Copy each line below as it stands, but skip any picture it contains.

## Available data
>>>
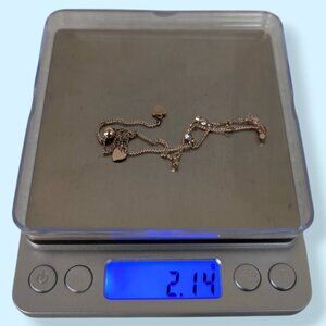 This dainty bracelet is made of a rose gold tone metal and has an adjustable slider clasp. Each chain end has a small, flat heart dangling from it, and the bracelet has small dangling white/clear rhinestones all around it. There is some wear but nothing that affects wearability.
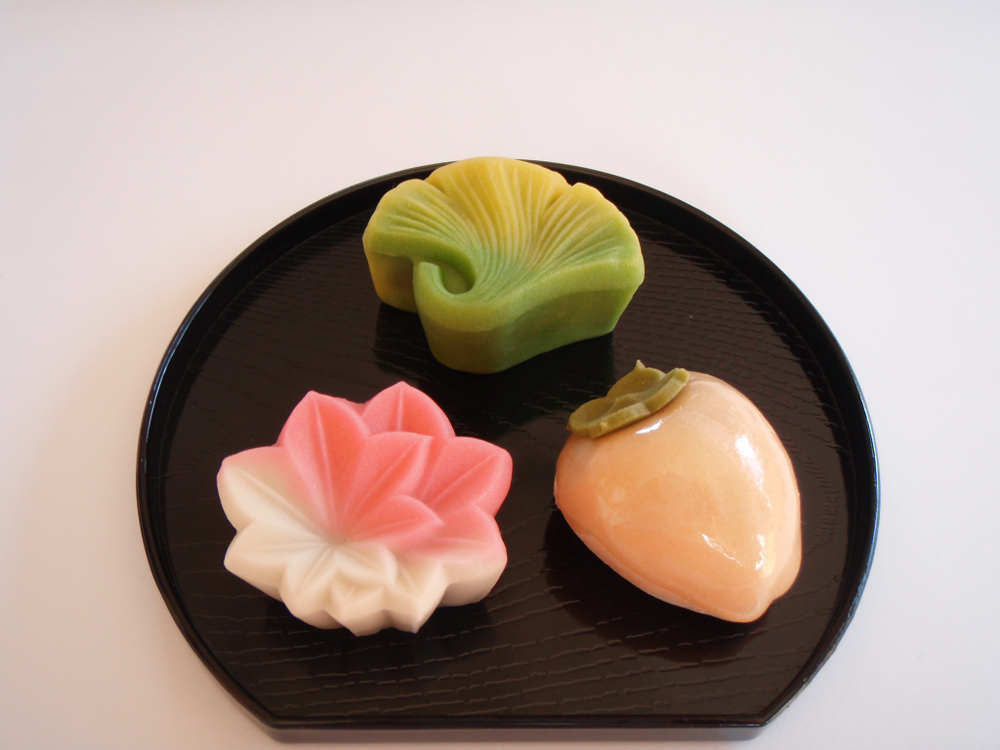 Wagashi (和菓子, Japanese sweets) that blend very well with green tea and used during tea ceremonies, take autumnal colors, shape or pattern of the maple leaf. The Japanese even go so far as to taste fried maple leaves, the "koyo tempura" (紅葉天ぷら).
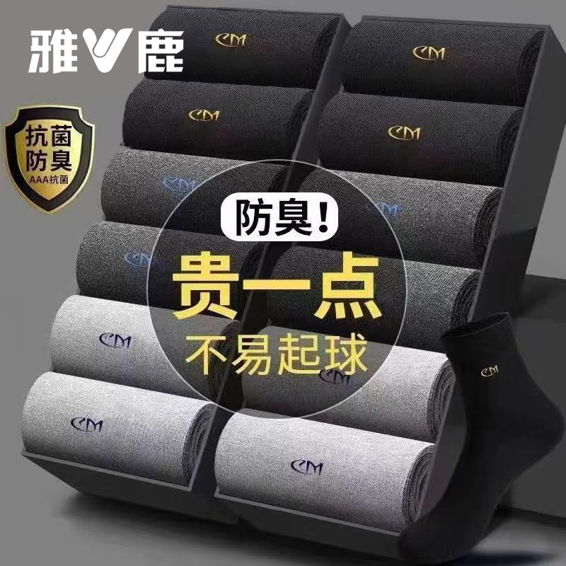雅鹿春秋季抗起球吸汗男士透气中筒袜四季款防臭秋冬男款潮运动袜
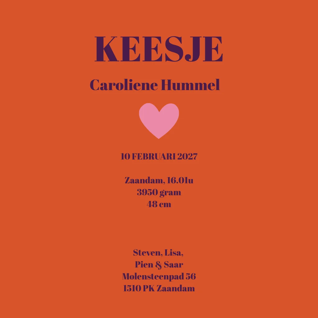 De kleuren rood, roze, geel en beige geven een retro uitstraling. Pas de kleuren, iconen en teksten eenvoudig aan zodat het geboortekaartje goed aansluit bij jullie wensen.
<<<
## Response to the task
 This dainty bracelet is made of a rose gold tone metal and has an adjustable slider clasp. Each chain end has a small, flat heart dangling from it, and the bracelet has small dangling white/clear rhinestones all around it. There is some wear but nothing that affects wearability.
 Wagashi (和菓子, Japanese sweets) that blend very well with green tea and used during tea ceremonies, take autumnal colors, shape or pattern of the maple leaf. The Japanese even go so far as to taste fried maple leaves, the "koyo tempura" (紅葉天ぷら).
雅鹿春秋季抗起球吸汗男士透气中筒袜四季款防臭秋冬男款潮运动袜
 De kleuren rood, roze, geel en beige geven een retro uitstraling. Pas de kleuren, iconen en teksten eenvoudig aan zodat het geboortekaartje goed aansluit bij jullie wensen.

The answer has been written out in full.